Жену директора, миловидную белоруску, звали Вера – в Белоруссии директор проходил срочную воинскую службу, оттуда и привёз себе жену. У них рос сын, мальчик лет шести…



Завуч Валентина Егоровна, русская, преподаватель истории. Человек, безусловно, неординарный… Сколько же ей было тогда? Если сыну Игорьку было лет 15-16, то ей… ну не важно, не будем уточнять возраст молодой женщины…


Как завуч она нас всех устраивала: у неё не было привычки слишком часто ходить по урокам и потом устраивать разбор полётов, по крайней мере, у меня на уроке она не была ни разу.


Никогда, никому, никаких замечаний при всех, публично – этому принципу она следовала неукоснительно.


О методике преподавания она вряд ли имела какое-нибудь определённое представление: до того как стать историком в школе, она работала маркшейдером в Южкузбассугле и имела среднетехническое образование. Маркшейдер – сложная специальность, требующая высокого уровня интеллекта. Здесь интеллект Валентины Егоровны проявлялся в рациональном подходе

к жизни.
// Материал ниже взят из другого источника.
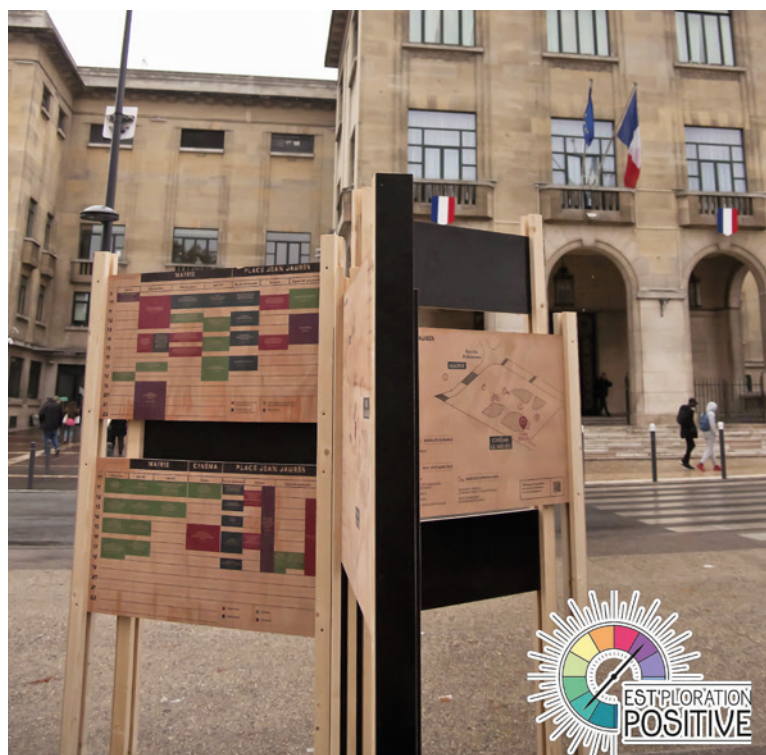
Signalétiques en bois du salon Est'ploration positive.
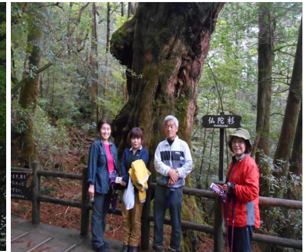
仏陀杉 名前の由来は不明
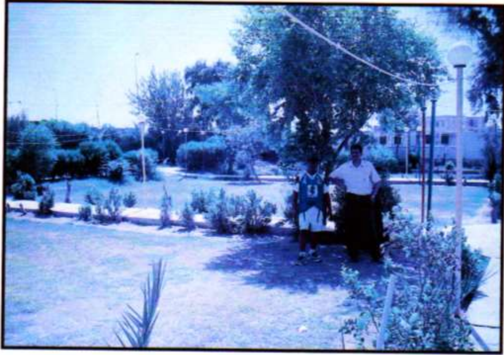
صورة رقم (٢) جانب من حديقة العاب المسبح

٤- مدينة العاب المسبح : وهي حدائق ومسبح صيفي تعود ملكيتها الى نادي ديالى الرياضي ومؤجرة للقطاع الخاص تبلغ مساحتها (١٠٠٠٠)م ٢ وحالياً تؤدي وظيفتها ككازينو ومطعم للعوائل وللمناسبات الاجتماعية كحفلات الزفاف وكذلك تم اعادة النشاط للمسبح الصيفي وتضم حدائقه وسائل متنوعة للعب الاطفال (تنظر صورة رقم ٢) .
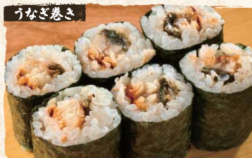
Eel Rolls $5.90
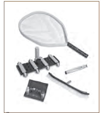
Kit de mantenimiento Aquex 203029

Kit de mantenimiento (incluye barredora, red saca-hojas, analizador, cepillo y termómetro)
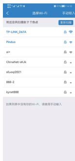
8.选择使用的WiFi热点 (不能使用5G网络热点)
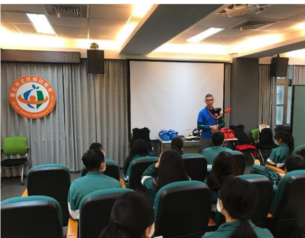
漆彈對抗融入交安守則(建立安全空間概念)
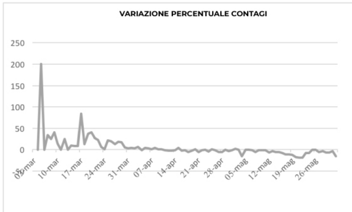
GRAFICO VARIATIONE PERCENTUALE CONTAGI
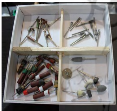
تصویر ۱۴- انواع سرهای فرز (انواع پوست‌ها، لاستیک‌ها، سمباده‌ها)

فرز: از دستگاه فرز و سرهای مختلف و متنوع آن برای شیار در آوردن، کنار تراشی، سمباده زدن و ... استفاده می‌شود. ۱
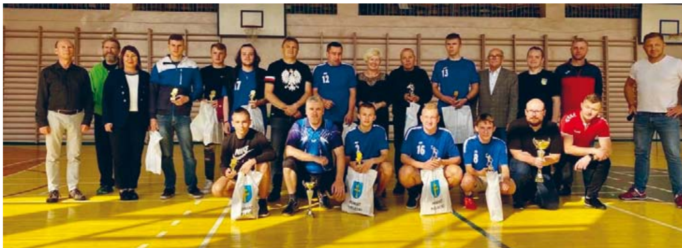
RADOŚNI UCZESTNICY TURNIEJU
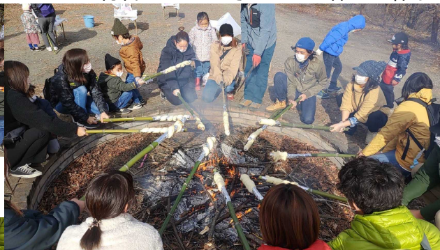
井戸端会議のようになごやか
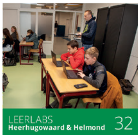
LEERLABS Heerhugowaard & Helmond 32
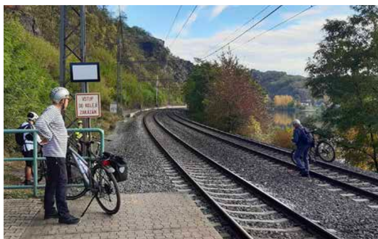
Současný stav „stezky“ je v těchto místech dost nebezpečný.

Nová trasa není jen lokální „asfaltkou“. Je součástí evropské magistrály EuroVelo 7, která spojuje Norsko s Maltou. Díky evropským dotacím, které pokryjí skoro polovinu nákladů, se sen o souvislé cyklistické tepně podél Vltavy stává realitou. Pokud půjde vše podle plánu, v létě 2029 už budeme sviššet z Prahy do Mělníka s větrem v zádech a v naprostém bezpečí.
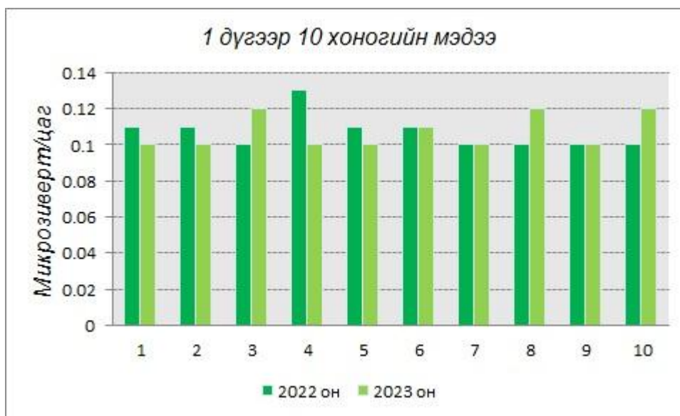
График3. Улиастай сумын агаар болон газрын гадарга дах 1 дүгээр 10 хоногийн түвшний тунгийн чадлын өдрийн дундаж өмнөх онтой харьцуулсан үзүүлэлт

*Улиастай өртөөний агаар болон газрын гадарга дах цацрагийн түвшний тунгийн чадлын өдрийн дундаж утгийг өмнөх онтой харьцуулснаар дараах графикаар харуулав.

Она работала в Усть-Анзасе уже не первый год и очень неплохо, кстати сказать, устроилась: жили они с Игорьком рядом со школой в отдельном доме, в котором могли бы свободно разместиться пятеро молодых учителей-новобранцев; её закрома ломились от съестных припасов, а чемоданы были набиты ценной пушниной.



Учительницы, набившиеся, как божьи коровки в спичечный коробок, в дом на горке, сплошь были молодыми специалистами, окончившими педучилище и угодившими в Усть-Анзас по распределению.


Люба Локтева – русский язык и литература, родом из города Белова Кемеровской области.


Люда и Оля из Новомосковска (вот занесло девчат!).


Люда – математик с почерком двоечницы. Открыв её журнал, я решила, что его заполнял кто-то из учеников. Уроки математики Валентина Егоровна посещала чаще, чем другие, и после урока она подолгу говорила Люде о чём-то в коридоре у окна (своего кабинета у завуча не было).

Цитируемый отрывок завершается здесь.